Ireland End-to-End 2025 – Day 3 part two: Killarney to Rathkeale, 89.1k, 823m climbed

It’s fair to say that this is not the variety of Irish weather I’d been expecting

Bernard kept getting distracted by the views

But before long it was time to put the beautiful mountains of Kerry behind us and cross into our third county (insert ditty here. Ed)

It turned out that Guillaume had been a little economical with the vérité when it came to the climbing required to get there. He was adamant that the hill at the 30km mark was no steeper than 10%.

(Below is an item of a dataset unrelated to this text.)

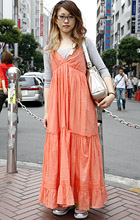 淡いカラーのマキシ丈ワンピースにあえてカラフルスニーカーを合...

But in my opinion, if the road disappears entirely when viewed from the top, it’s a bit more than that. And as I toiled up the steepest section on foot, it felt closer to 20%

Happily, it was soon over, and as always the flip side of a tough climb is a(nother) fine view. Though I felt the locals were in danger of taking this one for granted

Better still, after 15k on a main road (albeit with a generous hard shoulder) at the town of Abbeyfeale I joined a repurposed railway line, the Limerick Greenway

On whose immaculate surface I climbed for a solid 35k, steadily but never steeply (blessed be the railway engineers for they are kind to tired legs).
You can’t see it in this picture, but the Greenway was also a beautiful corridor of springtime blossom – sweet-scented gorse, white flowering hawthorn, fluffy pussy willow, and the leaves of sweet chestnuts unfurling almost as I watched. I saw a tiny vole or field mouse scampering by, and towards the end a russet-coated stoat skittered across my path, its dark tail corkscrewing behind it

At this point, Bernard developed a bad case of chafing-brake-disc-itis. He shook it off after a few miles, but for a while we fittingly chuffed uphill like a steam train of old

Today’s particular highlights were the encounters I’ve described in part one. The Greenway was definitely another. Others include the company I had all day (and look – short sleeves!)

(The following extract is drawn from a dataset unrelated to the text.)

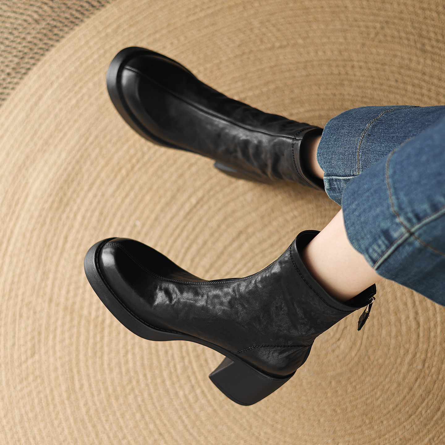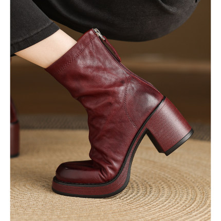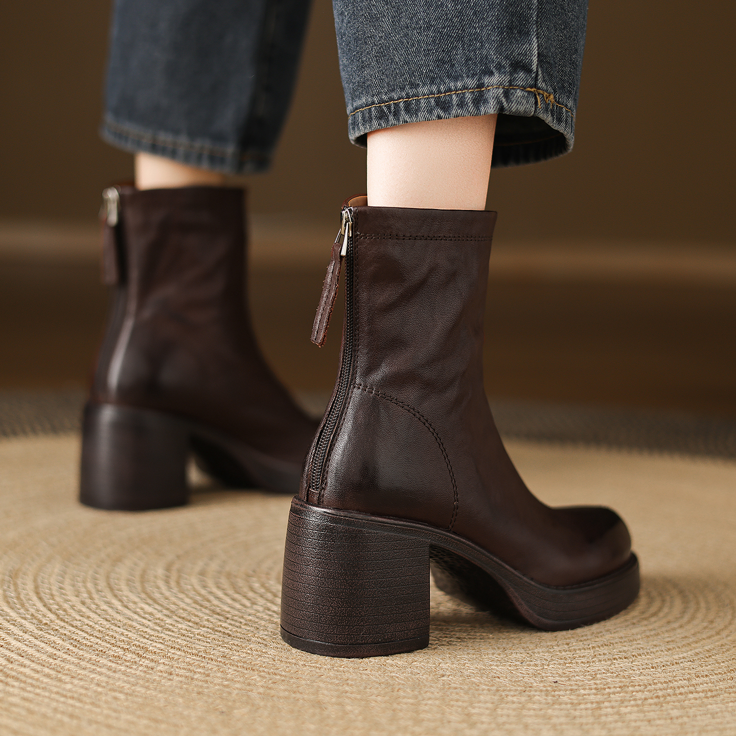 真皮马丁靴女春秋冬新款增高厚底短靴潮小个子7cm粗高跟单靴复古

Along with this curiously detailed vignette, on a signboard listing significant dates in the history of Abbeyfeale:

And this one, 400 years earlier, about an Earl who, defying his family for the sake of love, was exiled to (quel horreur) France

I also enjoyed the names of the areas the Greenway passed through, which ranged from the comic (no sign of Eeny, Miney, or Moe by the way)

To the enigmatic:

To the thoroughly gothic

But this was my sign of the day, because of how it differs from a likely British equivalent. At home, it might be headed ‘Code of Conduct’ or simply ‘User Rules’. Framing it under the umbrella of mutual respect changes everything, don’t you think?

Tonight we’re staying in a charming little glamping site run by a very friendly couple who have insisted that we help ourselves to as many free range eggs as we like (they even gave us two empty eggboxes to fill), ‘but don’t let them get too warm, like, or you’ll have chicks hatching on you’.